As the well-worn market truism tells us, stocks take the stairs up and the elevator down. As trivial as these individual gains seem, a pile of them turns into some really nice profits and that’s exactly why this market keeps setting record high after record high.
There are plenty of reasons to dislike stocks at these prices, but most investors have heard all of these recycled criticisms and they still don’t care. When the market doesn’t care about the headlines, then neither should we.
Without a doubt, this bull market will die like all of the others that came before it. But it will hit 4,300 and probably even 4,400 before that happens.
Stick with what has been working and that is holding for higher prices. Trading is rarely this easy. But when it is, the last thing we should fight it. Shut up and take the free money.
While the index added a modest 0.18%, the FAANG stocks popped 1% and 2%!!! This outperformance is absolutely noteworthy. For months these supposed best-of-the-best stocks have been lagging behind and their underperformance has been holding the entire market back.
While one day doesn’t make a new trend, we’ve been seeing pockets of strength bubbling to the surface. GOOG has been trading well for a while.
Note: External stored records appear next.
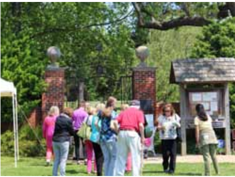
Crowds at Westover Plantation, built by William Byrd II around 1730.
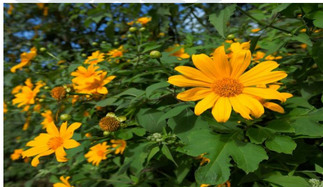
Fig No 2: Tithonia diversifoli

2.Tithonia diversifolia (Hemsl.) Gray (Compositae)- Aerial parts of T. diversifolia are among the constituents of the herbal remedy “Wuu-jao-jih ing” (12) used in folk medicine in Taiwan [13]. It is employed in the treatment of hepatitis, cystitis and jaundice [14]. The anti inflammatory activity of aqueous extract of the aerial part has been reported [13]. The results show that the aqueous extract inhibited paw edema induced by carrageenan. The extract was found effective in the two phases of the carrageenan induced inflammatory response [13].
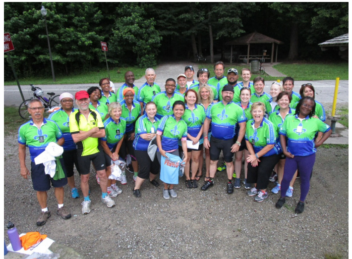
The 2015 Iroquois Park, New Rider Clinic graduating class.

These classes are offered FREE to anyone! Complete the class and receive a one-year membership to the LBC and an LBC jersey. These classes are brought to you courtesy of the Mayor's Healthy Hometown Movement and Baptist Health Sports Medicine. Thanks to our sponsors and the many volunteers!
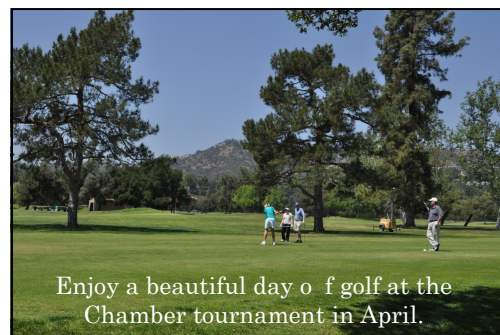
Enjoy a beautiful day of golf at the Chamber tournament in April.

As of this date, Parsons Corporation is a Silver Sponsor of the 2014 Pasadena Chamber of Commerce Golf Tournament.
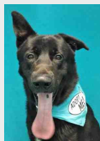
Zorro Lab X 3 Years Old N. Male

I am just your average good looking guy looking for a new home to call mine. I am pretty tolerable with most things, but I am not a big fan of dogs. Visit me at the Feeders Supply on Grantline Road!
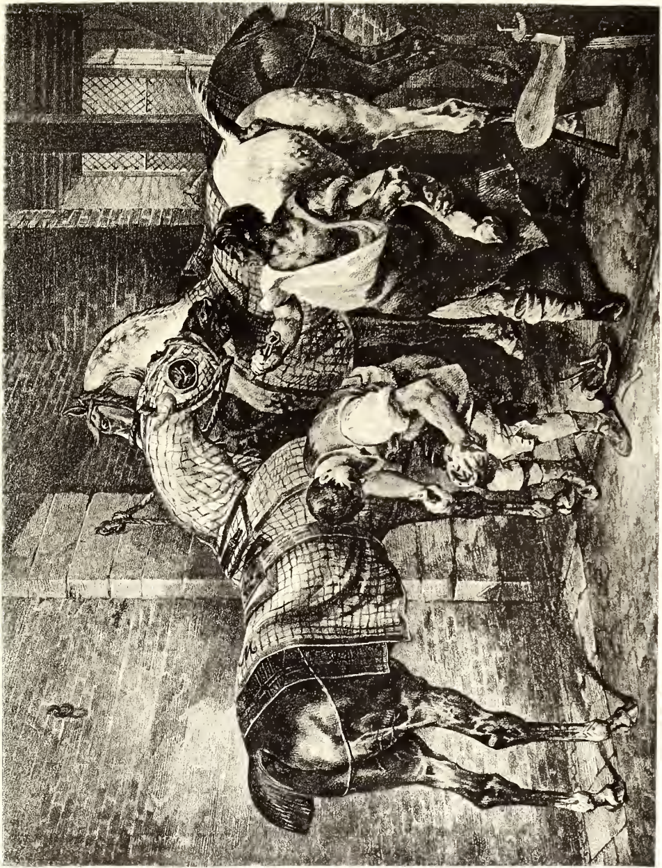
The English Turners
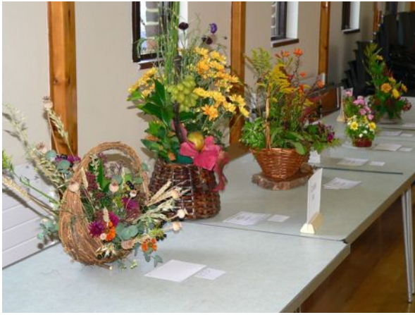
Autumn No. 1
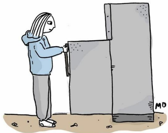
Looking in the fridge over and over and expecting different results is the definition of insanity.
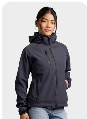
LEM4827 Everywear Softshell Hooded Jacket 96% polyester - 4% spandex - softshell

FB is back at the highs. Even AAPL and NFLX have been getting their mojo back. And the laggard of the group, NFLX, has been carving out what looks like it could be a base if the stock holds above $500 support.
The indexes struggled this spring without the FAANG leadership. But if the tide is changing, these stocks could start pushing the entire market higher. If the indexes and the FAANG stocks start rowing together again, it will be a very good summer for everyone that didn’t sell in May.